In This Series:
Trust is why we are okay with the Father’s corrective care when we sin—we know He loves us (Hebrews 12:6). His corrections flow out of His unending and unstoppable love for us. This kind of love gives Him an all-access pass into our lives. He is the unique and perfect example to follow regarding relationship-making. He is the person we want to emulate. It took me a while to understand this regarding our marriage because I did not fully realize the importance of the “for us clause” in the gospel. In Romans 8:31, Paul asked, “If God is for us, who could be against us?” Then he explained what being “for us” meant as he doxologized about the gospel.
“He, who did not spare His own Son but gave Him up for us all, how will He not also with Him graciously give us all things?” (Romans 8:32). Do you see what Paul did? He connected how the Lord is for us to a practical outworking of the gospel. He said the Lord was for us, and Paul proved his point by reminding us that the Father sent His one and only Son to die on the cross to save us. If a person is willing to die for you, you can rest assured he is for you. He loves you inexhaustibly (John 15:13). And if He is for you to that degree, you know He can be trusted—the essential requirement to release your vulnerable soul to someone fully.
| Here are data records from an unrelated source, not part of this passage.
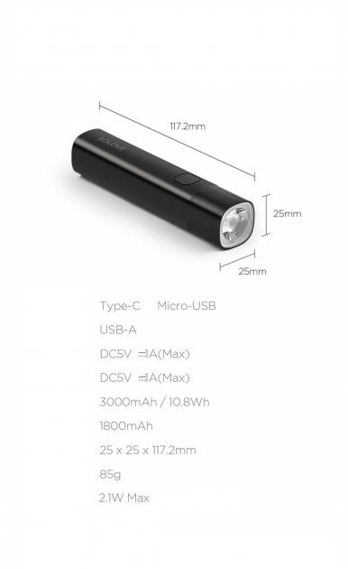 Портативный фонарик Solove X3 Portable Flashlight Power Bank 3000 mAh отлично подходит для использования его как фонарика или как Power Bank. Устройство находит идеальный баланс между функциональностью и производительностью.
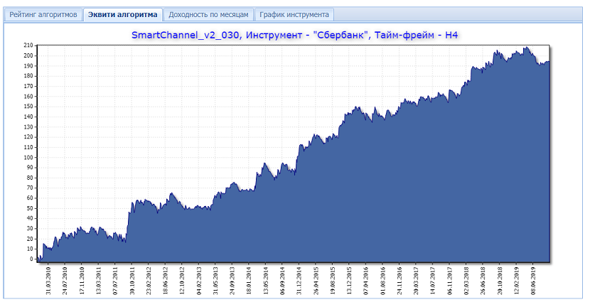 Пример алгоритма SmartChannel_v2_30, который торгуя акциями компании АО «Сбербанк», за 9 лет смог увеличить инвестированные в него средства на +190%. Акции компании выросли в 2.5 раза за этот же период. В результате мы видим, что приведенная в данном примере стратегия принесла немного меньшую доходность, в сравнении с классическим подходом «Купил и держи». Но отдельно стоит отметить, что при этом и величина максимального риска (снижение суммы инвестированных средств) при использовании стратегии значительно ниже, что дает существенное преимущество для инвестора.
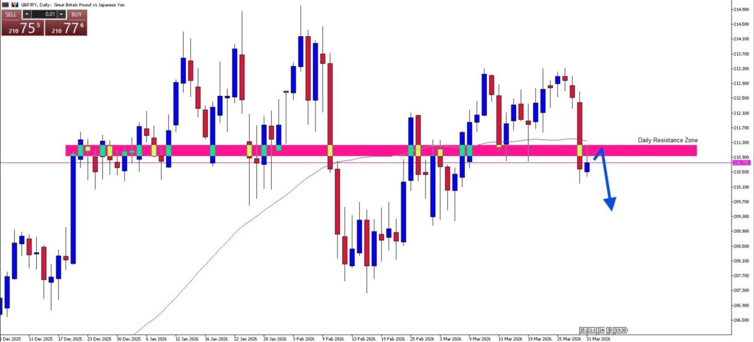 GBP/JPY Daily Chart Price Action Analysis. Potential Rejection on Daily Resistance Zone
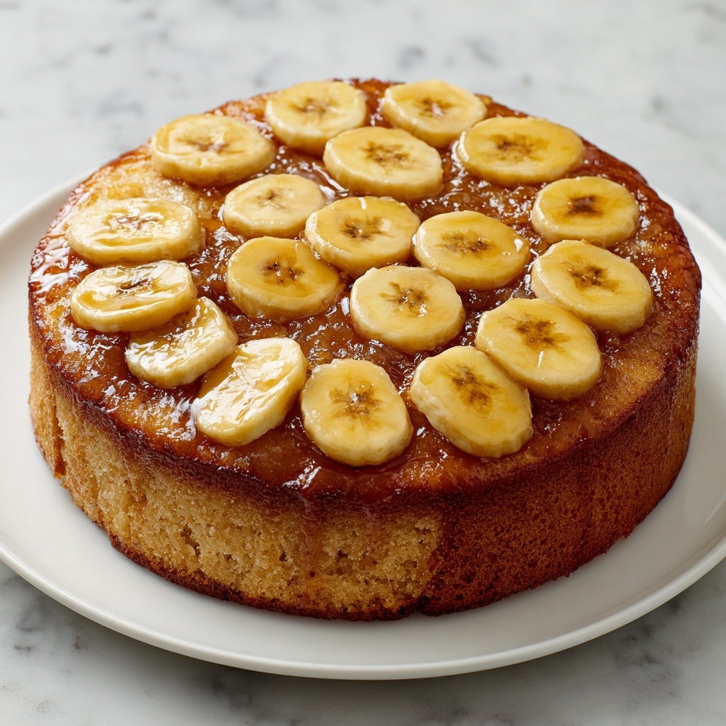 - Cool and Invert: Allow the cake to cool in the pan for about 10 minutes, then carefully invert it onto a serving plate so the banana topping is displayed on top.
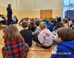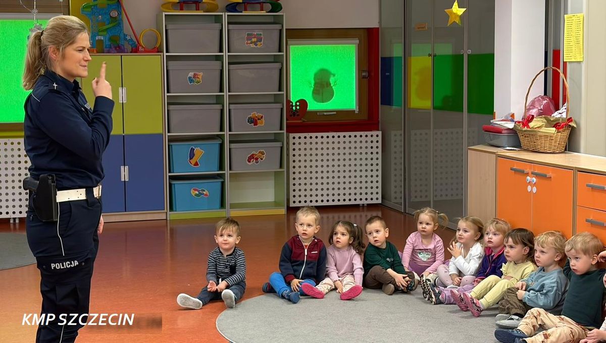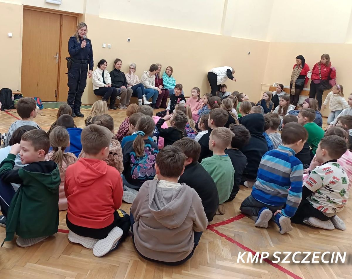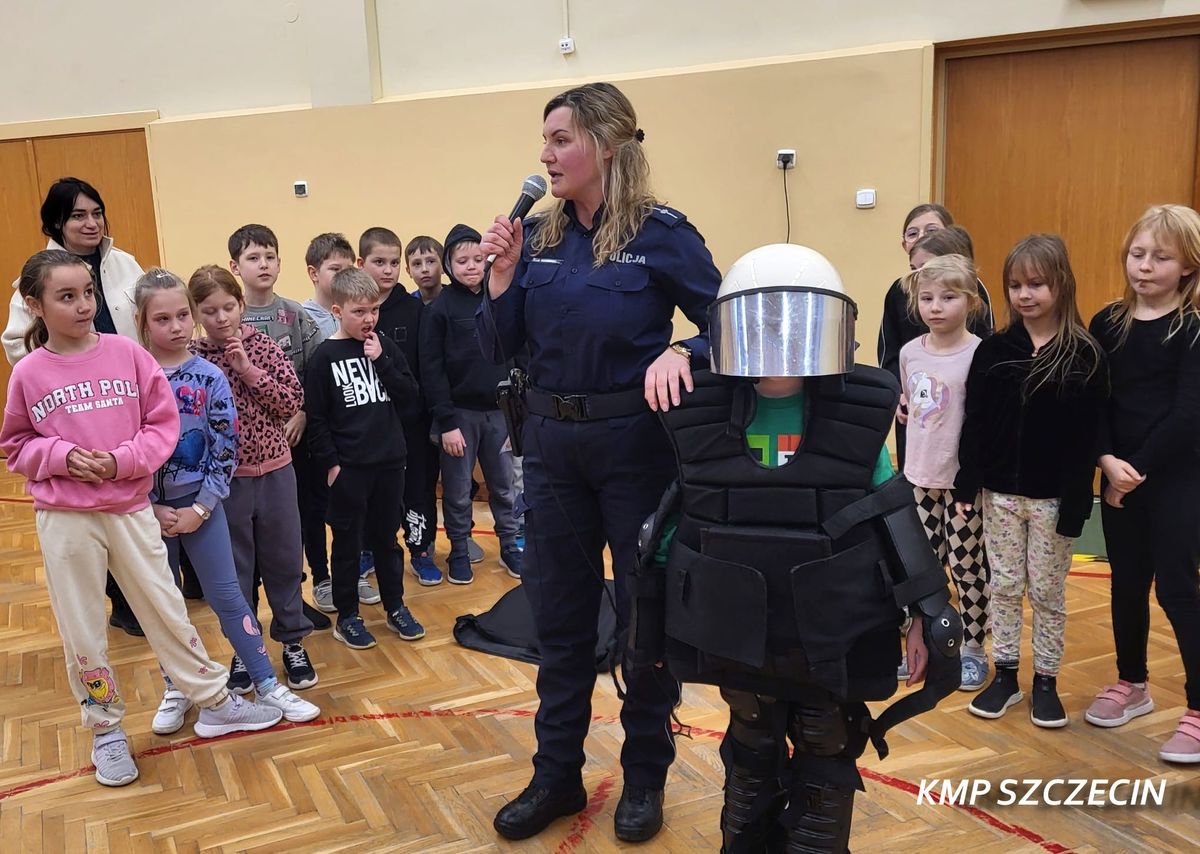 Podczas spotkania z dziećmi uczestniczącymi w półkolonii policjantka z Wydziału Prewencji KMP w Szczecinie omówiła najważniejsze zasady bezpiecznego spędzania ferii. Mundurowa przypomniała o zagrożeniach związanych z wchodzeniem na zamarznięte akweny, zasadach kontaktu z osobami obcymi oraz o tym, jak reagować w sytuacjach niebezpiecznych.

This kind of gospel connection to our everyday lives is not what I demonstrated to my wife in the early years of our marriage. Though I was not a tyrant, and though we had many great times together, I was not fully and practically in tune with what it meant to be a gospelized man. Yes, I was for her because nobody else would dare to mess with her, but I was not for her in the way the Lord is for me. This gospel lack in my life gave her pause when sharing her innermost thoughts and struggles with me. I was not trustworthy to the degree I needed to be to release her from fear while inviting her to share with me in an open and vulnerable way. I had left just enough questions in her mind to make her wary of letting me fully into her world.
When we were dating, there was hardly a thing we did not discuss. It was open season for conversation, and all doors flung wide open as we shared our dreams and fears. The love flowed in those early days of dating. We had not known each other long enough to become disappointed or discouraged with each other. Sin was present, but it had not affected us enough to shut us down relationally. That came later.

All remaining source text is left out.